Um dos maiores mistérios do vôlei brasileiro acaba de ganhar uma versão definitiva e bombástica. Em entrevista ao podcast Basticast nesta quinta-feira (8), a campeã olímpica Mari revelou que seu corte dos Jogos Olímpicos de Londres, em 2012, não teve motivação técnica, mas sim pessoal.
Segundo a ex-jogadora, o desligamento foi uma retaliação do técnico José Roberto Guimarães após ela recusar uma proposta para jogar no Fenerbahçe, clube turco que o treinador comandava na época.
Mari explicou que, em 2011, após uma grave lesão no joelho, sentiu que deveria permanecer no Brasil jogando pelo Rexona/Unilever, sob o comando de Bernardinho, como forma de gratidão pelo apoio do clube durante sua recuperação.
Zé Roberto, no entanto, queria a ponteira em seu time na Turquia para monitorar sua preparação olímpica de perto.
“Se você vai ter as suas preferências, na Seleção eu vou ter as minhas também”, teria dito o técnico em uma conversa por telefone, conforme relatado por Mari.
A jogadora detalhou que, ao chegar na Seleção, o tratamento mudou drasticamente.

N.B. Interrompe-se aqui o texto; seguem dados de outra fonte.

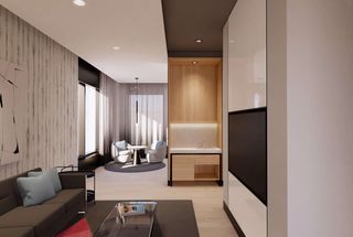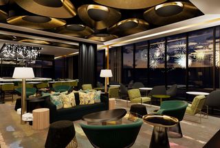 Radisson Blu Anaheim showcases international design inspiration and elements married with the casual elegance of California outdoor living. The hotel embraces its location with subtle nods to surrounding attractions embodying a sophisticated style fit for business travelers yet simultaneously conducive to family vacations. One example can be found in the lobby's bespoke hand-tufted rug, which is an abstraction of the property's position at the juncture of I-5 and Anaheim Boulevard.

Segundo Mari, Zé Roberto passou a ser frio, mudou sua posição em quadra e evitava diálogos.
O desfecho ocorreu de forma ríspida: “Ele me chamou e falou: ‘Temos um problema, vamos ter que nos separar, porque eu não confio em você’. Foi curto, grosso e rápido”, relembrou.
O corte gerou comoção imediata no grupo, que conquistaria o bicampeonato olímpico em Londres semanas depois, subindo ao pódio com a camisa de Mari em mãos.
Além da frustração esportiva, Mari revelou que a justificativa oficial de “deficiência técnica” usada pelo treinador na época causou prejuízos financeiros graves.
“Os times começaram a usar isso contra o meu contrato. Como um clube ia pagar 100% se o técnico da Seleção dizia que eu tinha problema técnico?”, desabafou.
Apesar das marcas profundas, Mari afirmou que hoje o episódio está perdoado e que já conversou com Zé Roberto sobre o assunto, mas sentiu que, após anos de silêncio, era o momento de expor a verdade para os fãs que ainda questionavam sua ausência no ouro de 2012.